Stored dataset items
--- START ---

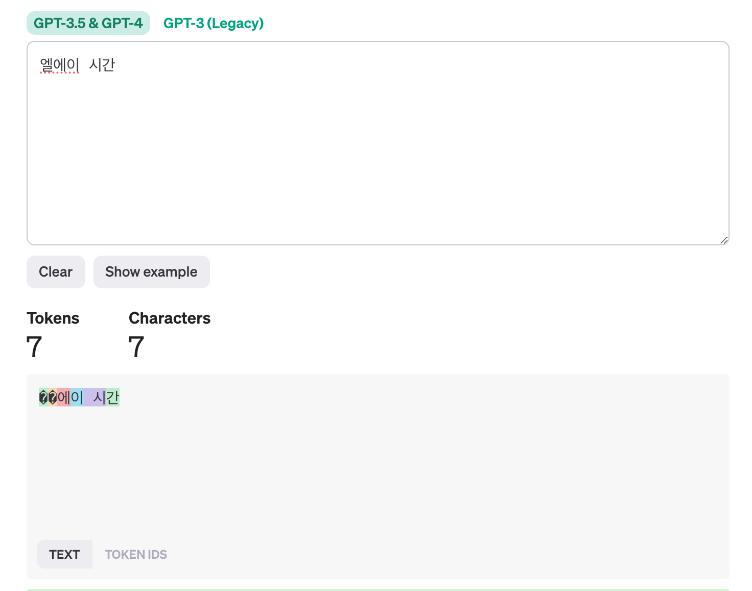 openAPI에서 텍스트 토큰을 계산해볼 수 있게 하는 Tokenizer가 있습니다.
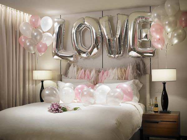 洁白朴素的卧室装修风格,添加上白色+粉红色的气球,淡雅的鲜花,可爱的LOVE字母气球衬托出温馨的感觉。灯光下床头在放一瓶香槟,更显出浪漫的气氛,同样可以体验偶像剧般的浪漫时刻。
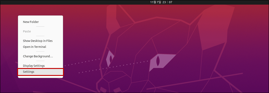 리눅스 우분투 운영체제를 설치하면 기본적으로 아래와 같은 배경 화면으로 설정됩니다. 배경화면을 변경하기 위해선 마우스 우클릭 -> 설정(Setting)으로 들어가 주세요.
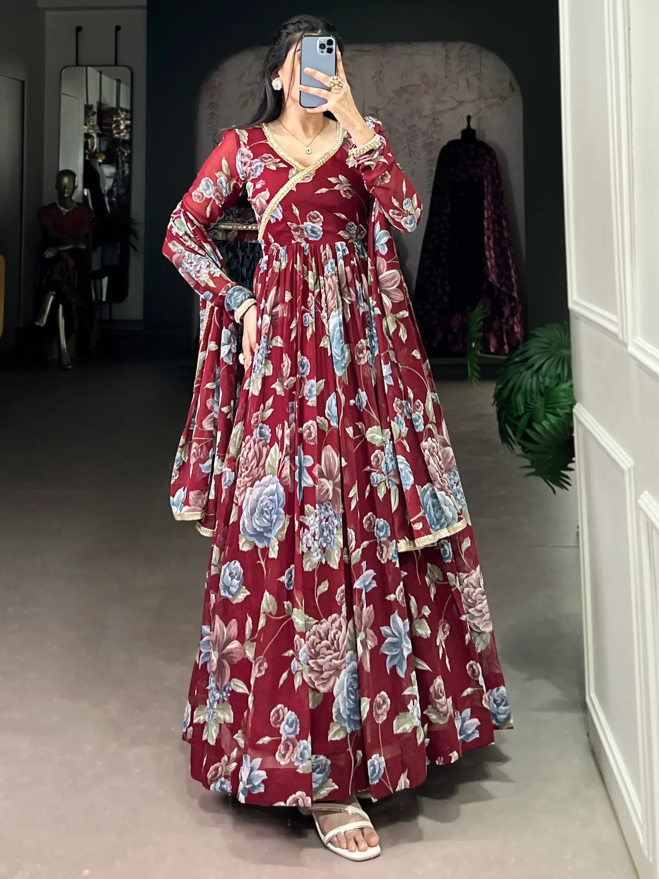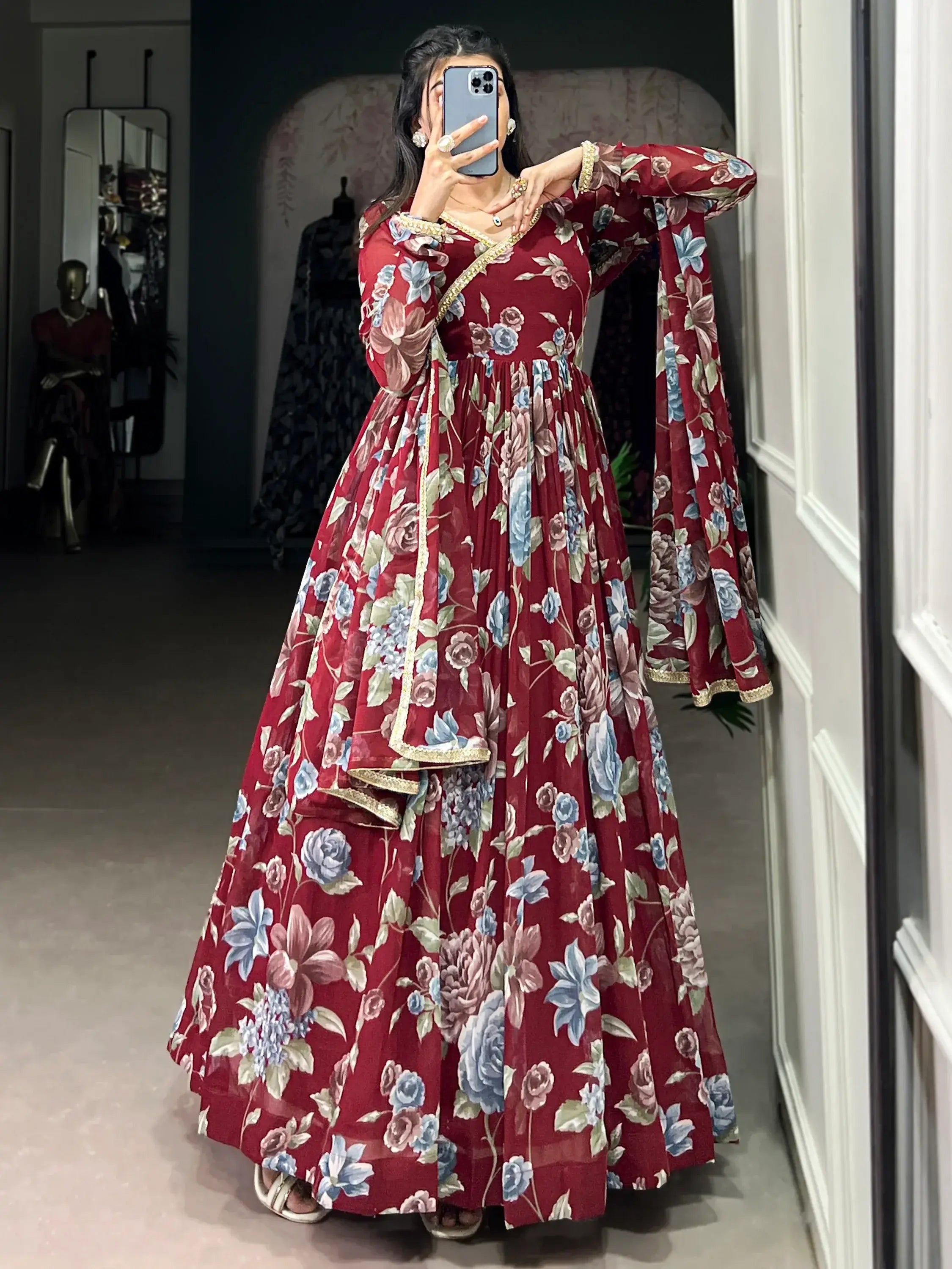 This gown include its high-quality georgette fabric, which is lightweight and drapes beautifully on the body. The floral print work adds a touch of femininity, while the lace detailing lends a touch of sophistication. Whether you're attending a festive event or a special evening occasion, this gown is sure to make you look and feel your best.
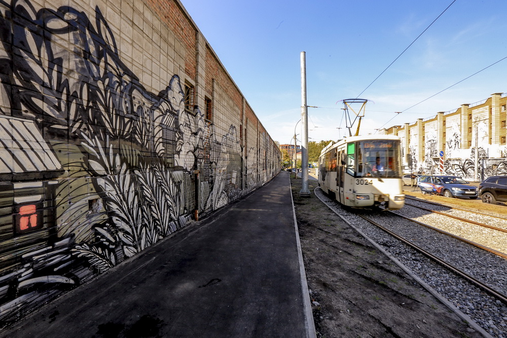 Это панно составит единый ансамбль с картиной напротив. Обе работы посвящены прошлому города. Автор мурала — томский стрит-арт-художник Илья Маломощенко. Для монументальной росписи он использовал сохранившиеся фотографии села Кривощёково и Центрального района, предоставленные музеем Новосибирска.
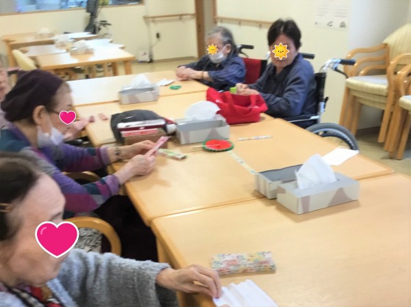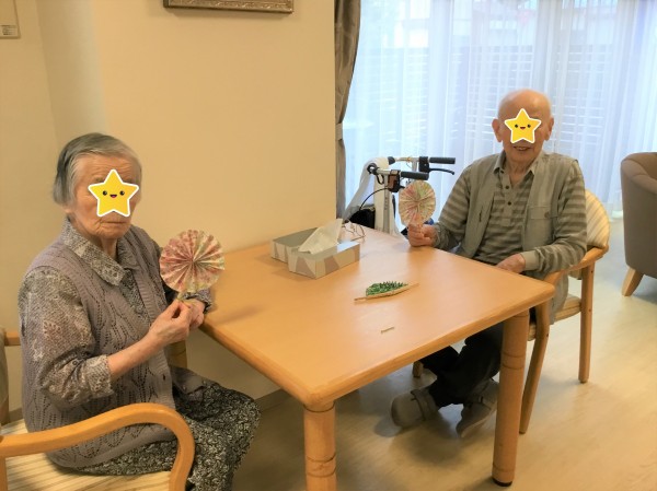 先日レクリエーションとしてミニ扇子づくりを行いましたので、

--- END ---

# PROBLEM TO SOLVE
Although the records include pictures, the copy should reproduce every line exactly and none of the pictures.

# WRITTEN SOLUTION
 openAPI에서 텍스트 토큰을 계산해볼 수 있게 하는 Tokenizer가 있습니다.
 洁白朴素的卧室装修风格,添加上白色+粉红色的气球,淡雅的鲜花,可爱的LOVE字母气球衬托出温馨的感觉。灯光下床头在放一瓶香槟,更显出浪漫的气氛,同样可以体验偶像剧般的浪漫时刻。
 리눅스 우분투 운영체제를 설치하면 기본적으로 아래와 같은 배경 화면으로 설정됩니다. 배경화면을 변경하기 위해선 마우스 우클릭 -> 설정(Setting)으로 들어가 주세요.
 This gown include its high-quality georgette fabric, which is lightweight and drapes beautifully on the body. The floral print work adds a touch of femininity, while the lace detailing lends a touch of sophistication. Whether you're attending a festive event or a special evening occasion, this gown is sure to make you look and feel your best.
 Это панно составит единый ансамбль с картиной напротив. Обе работы посвящены прошлому города. Автор мурала — томский стрит-арт-художник Илья Маломощенко. Для монументальной росписи он использовал сохранившиеся фотографии села Кривощёково и Центрального района, предоставленные музеем Новосибирска.
 先日レクリエーションとしてミニ扇子づくりを行いましたので、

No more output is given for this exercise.